The Current Empire (2025)

  • Founded: 1960 (65 years; N.L. Mehra); Jaquar brand 1986 (39 years)

  • Leadership: Rajesh, Ajay, Krishan Mehra (second generation); third generation inducted 2000

  • Turnover: Rs 7,493 crore ($876 million, 2024-25)

  • Manufacturing: 7 plants (India) + 1 (South Korea); 330,000 sq m

  • Production: 45.9M bath fittings, 4.2M sanitaryware, 9.9M lighting products yearly

  • Bathrooms served: 3.3M annually

  • Employees: 12,000+ (including 2,400 service technicians)

  • Market share: 60% (India organized bathroom sector)

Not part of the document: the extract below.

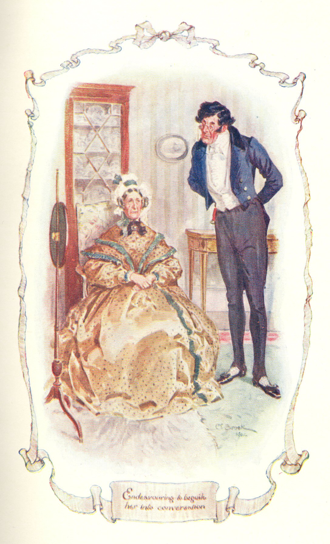 p. 12It was very good of Miss Jenkyns to do this; for I had seen that, a little before, she had been a good deal annoyed by Miss Jessie Brown’s unguarded admission (à propos of Shetland wool) that she had an uncle, her mother’s brother, who was a shop-keeper in Edinburgh. Miss Jenkyns tried to drown this confession by a terrible cough—for the Honourable Mrs Jamieson was sitting at a card-table nearest Miss Jessie, and what would she say or think if she found out she was in the same room with a shop-keeper’s niece! But Miss Jessie Brown (who had no tact, as we all agreed the next morning) would repeat the information, and assure Miss Pole she could easily get her the identical Shetland wool required, “through my uncle, who has the best assortment of Shetland goods of any one in Edinbro’.” It was to take the taste of this out of our mouths, and the sound of this out of our ears, that Miss Jenkyns proposed music; so I say again, it was very good of her to beat time to the song.

  • Markets: 55+ countries

  • Stores: 21 Orientation Centres (India), 40+ Jaquar World stores globally

  • Brands: Jaquar (premium), Artize (luxury), Essco (value; Rs 300+ crore turnover; 4,000 retail footprint)


The Legacy

From Rs 30 lakh in 1985 to Rs 7,493 crore in 2024—from commodity fittings to premium bathrooms—from grandmother's name to global brand—Jaquar's 65-year journey teaches timeless truths.

First, organizing unorganized markets creates empires. The 1960 bathroom fittings market was chaos. Mehra brought order, trust, and branding.

Second, warranties build credibility. The ten-year guarantee in 1960—when accountability didn't exist—differentiated Essco fundamentally.

Third, family names humanize brands. "Jaquar" from "Jai Kaur" connected the brand emotionally to founders while remaining memorable.

Fourth, direct customer access beats resistant dealers. When dealers resisted premium positioning, going directly to builders/consumers solved adoption.

Finally, complete solutions beat single products. Expanding from faucets to whirlpools to lighting to water heaters created the "complete bathroom solutions" positioning competitors couldn't match.

When Indian families turn on Jaquar faucets, shower under Jaquar heads, or illuminate bathrooms with Jaquar lights, they're using products from a company named after a grandmother who never knew she'd become a global brand.

That's not just bathroom fittings. That's proof that the best brands honor heritage while building empires—one guaranteed faucet, one orientation centre, one complete bathroom at a time.